An even more simple way to think of the good news of Jesus is in four words,
Jesus in our place.
Jesus lived a perfect life in our place. He died in our place, for our sin. On the cross our sin crushed him, and his perfect life was credited to us. As Paul says in 2 Corinthians 5:21, “For our sake he made him to be sin who knew no sin, so that in him we might become the righteousness of God.“ Then on the third day Jesus rose from the dead, showing that God the Father was pleased with Jesus’ sacrifice. The Scriptures shout the good news of Jesus with great joy, announcing that Jesus has fought our battle and won our victory, and for all those who turn from their sin and trust Jesus, they will enjoy his victory forever. As William Tyndale once said, that really is news that “makes a man’s heart glad and makes him sing, dance, and leap for joy…”
WE NEVER OUTGROW OUR NEED
Many rightly say the gospel is for non-Christians. The gospel is the door through which every man or woman must enter to be rescued by and reconciled with God. The gospel is the door that leads to the incredibly bright future God’s prepared for all His sons and daughters! Everything in the Christian life begins the moment God breathes life into our spiritually unresponsive hearts, causing us to cry out in faith to Jesus.
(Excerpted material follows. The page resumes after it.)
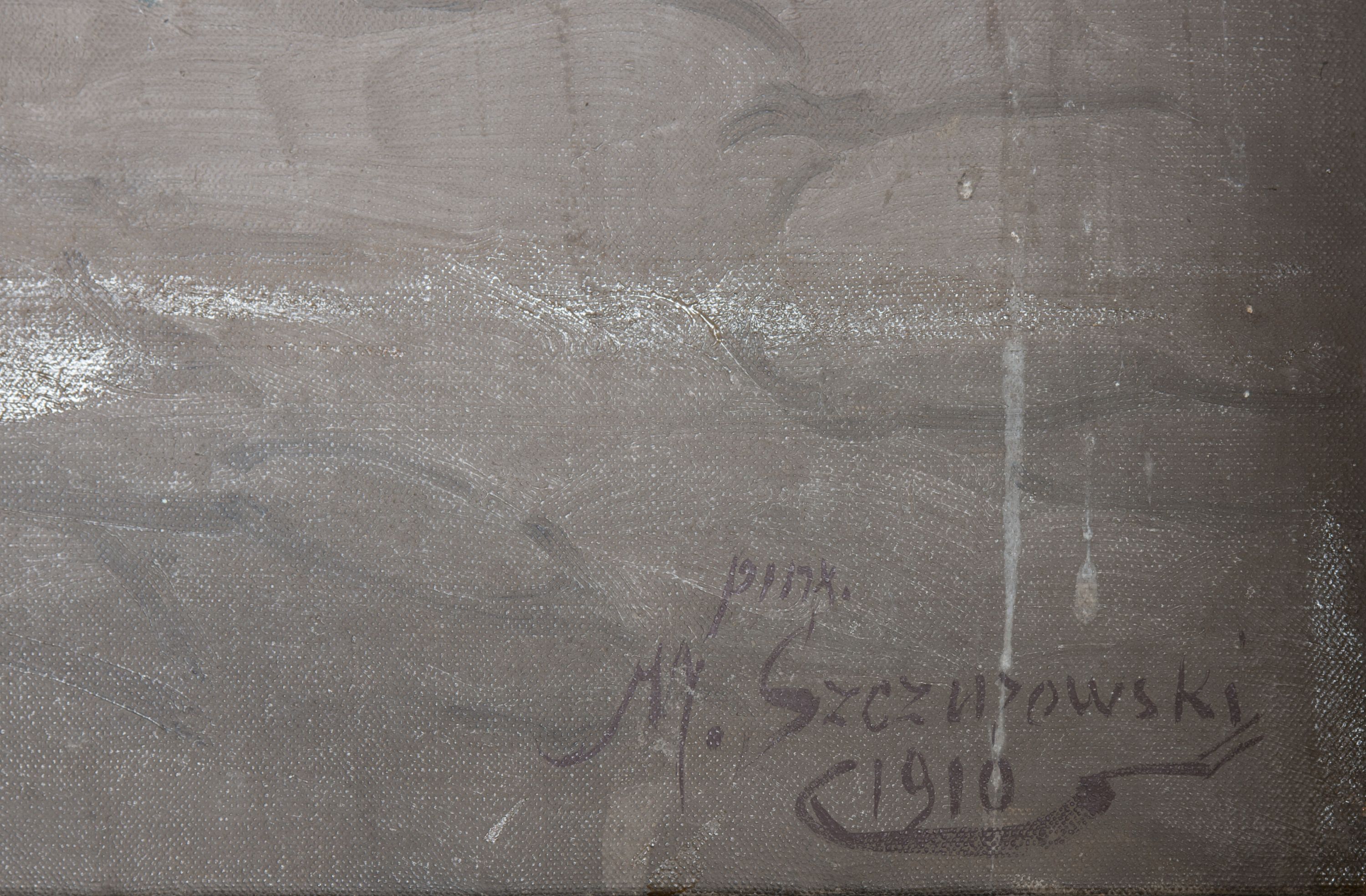 The painting of Catherine of Alexandria was produced by Marian Szczurowski in 1910. Saint Catherine came from Alexandria. According to legend, she was a princess, therefore, she is portrayed in royal garb with a diadem. During the persecution of Christians under Emperor Maxentius, she was captured and sentenced to cruel torture. A wheel and sword are her attributes, as they were used to torture and kill her. The woman saint holds also a martyr's palm and a lily twig symbolising chastity.

The problem is that most believe the gospel is only for non-Christians. They believe the gospel is for, and only for, getting people into the Kingdom of God; and once inside, a person moves on to deeper things. However, the Scriptures show us something different.
The Gospel of Jesus is for both non-Christians and Christians.
There are two ways to see the Gospel, a narrow and broad way. The narrow way, which many are familiar with, sees the Gospel as saving us from the penalty of sin. This is a beautiful reality of the Gospel! Jesus died in our play, paying the penalty for our sin (Romans 3:23-24). The broad perspective does not say less, but more. The gospel not only saves us from the penalty of our sin, but also from the present power of sin in our lives. To put it another way, the narrow perspective sees the gospel as only for non-Christians, while the broad way sees that the gospel is for both Christians and non-Christians. The Bible gives us a very broad Gospel, covering every moment (past, present, and future) of our life with Jesus.
There’s no such thing as a Gospel graduate. The good news of Jesus isn’t just something a Christian needed in the past, it’s something they need presently. The Gospel is God’s means by which a Christian’s life is renewed and sin is overcome. The Gospel is renewing and relevant to every area of a Christian’s life. Listen to Tim Keller describe this reality.
The Gospel is not just the A-B-C of Christianity, it’s the A-Z. The gospel is not just the minimum required doctrine necessary to enter the kingdom, but the way we make all progress in the kingdom…It is the solution to each problem, the key to each closed door, the power through every barrier.
After Jesus rescues a person, they don’t move on to bigger and brighter things. Rather, we move deeper into the biggest and brightest thing, the Gospel of Jesus Christ. We never out-grow our need of Jesus’ redeeming work! By God’s grace, we are learning as a church family to allow Jesus’ accomplishments on our behalf to saturate everything about us. More and more we are seeing that the Gospel didn’t just save us (past tense), but is saving us (in the present).
So church, let’s embrace our moment by moment need of Jesus.